2018'i 24 milyar TL büyüklükle kapatan cep telefonu pazarı bu yıl yeni düzenlemelerin olumsuz etkisini hissediyor. Kurlardaki sert hareket ve yeni vergi sistemiyle birlikte daralması beklenen pazarda talebin giriş ve orta segmentteki ürünlere kayacağı düşünülüyor.
GÖZDE YENİOVA
gyeniova@ekonomist.com.tr
Geçen yıl cep telefonu pazarı küçülme yaşayan sektörler arasında yer aldı. Mobil İletişim Araçları ve Bilgi Teknolojileri İş Adamları Derneği (MOBİSAD), Türkiye'de 2018 yılında cep telefonu pazar cirosunun 24 milyar TL civarında gerçekleştiğini belirtiyor. 2019 yılı için bu rakamın fiyatlardaki artışa bağlı olarak 20 milyar TL seviyelerini zorlayacağını öngörüyor.
Kurlardaki dalgalanmalar ve ardından gelen sert yükseliş, telefon fiyatlarının da çok ciddi artmasına neden oldu. Ardından BDDK taksit kısıtlama kararı aldı. Böylece sektör ciddi bir daralmayla karşı karşıya kaldı.

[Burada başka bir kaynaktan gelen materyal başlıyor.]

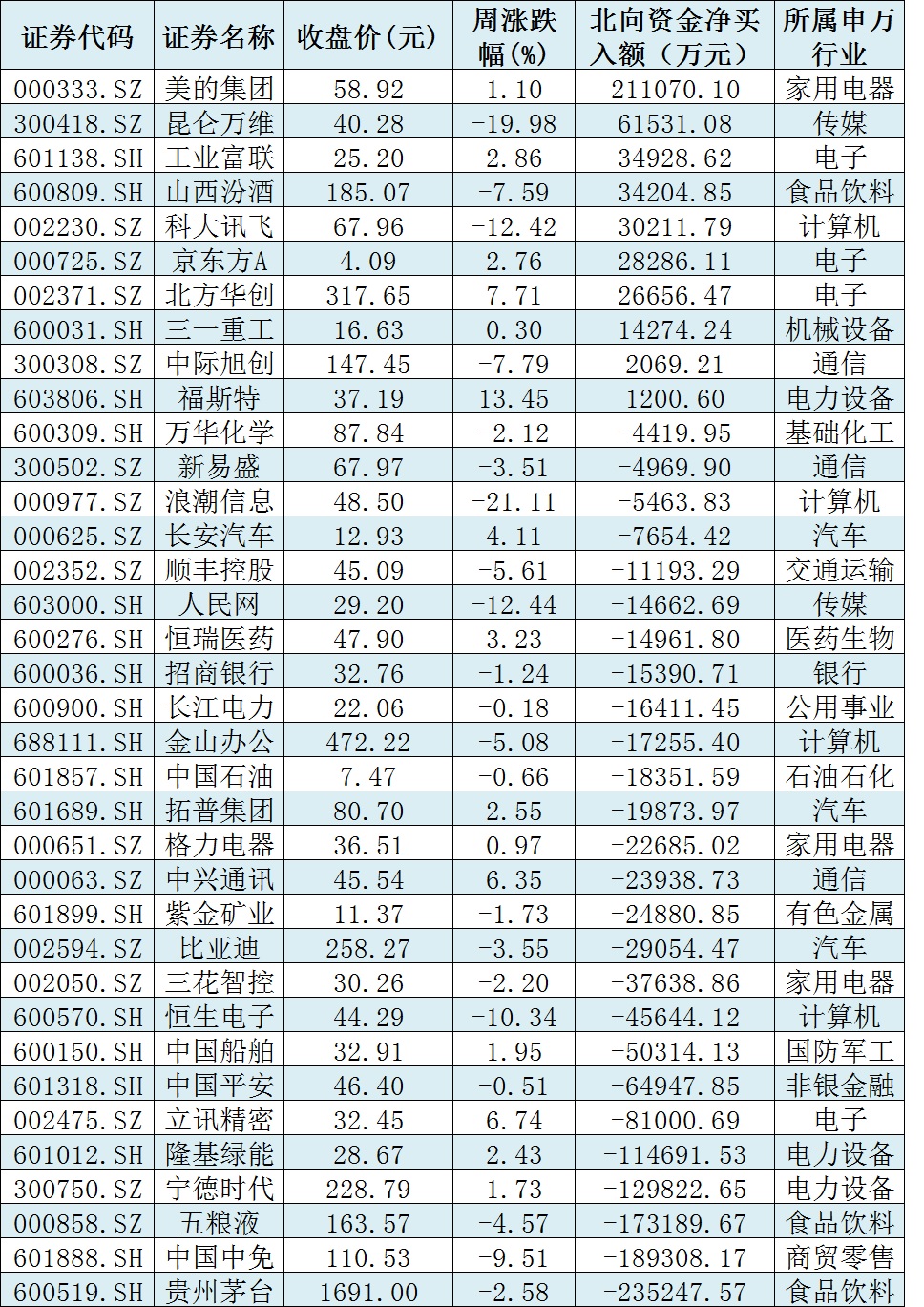 資金方面,本周北向資金累計(jì)凈賣出金額達(dá)84.81億元。從前十大成交活躍股來(lái)看,本周,美的集團(tuán)、昆侖萬(wàn)維等2只個(gè)股,北向資金凈買入金額均超6億元。另外,貴州茅臺(tái)、中國(guó)中免、五糧液、寧德時(shí)代、隆基綠能等個(gè)股遭北向資金凈賣出金額均超10億元。

Bu yıl için de beklenti, bazı düzenlemeler yapılmazsa sektörün daralacağı yönünde. 2019 yılı ocak ayında 830 bin, şubat ayında 820 bin olmak üzere yılın ilk iki ayında toplam 1 milyon 650 bin akıllı telefon satışı gerçekleştirildi.
Önceki yılın ilk iki ayında ise bu rakam 1 milyon 950 bin civarındaydı. Ocak-şubat verilerine baktığımızda adet bazında yüzde 20-25 oranında küçülme söz konusu.
KÜÇÜLME BEKLENİYOR
MOBİSAD Başkanı Mustafa Kemal Turnacı, 3 bin 500 TL altındaki cihazlarda 12 ay taksit uygulamasında bir değişiklik olmaz ve döviz kurlarında istikrarlı bir ortam oluşursa, ortalama cihaz birim fiyatlarının bir miktar düşüşle 2 bin TL civarında olacağını öngörüyor.
Bu durumda satılan cihaz adedinin 9-10 milyon aralığında ve toplam cep telefonu cirosunun da 20-21 milyar TL civarlarında olmasını bekliyor. Bu doğrultuda da 2019'da sektörün geçen yıla göre adet bazında yüzde 17, ciro bazında ise yüzde 20 daha küçüleceğini tahmin ediyor.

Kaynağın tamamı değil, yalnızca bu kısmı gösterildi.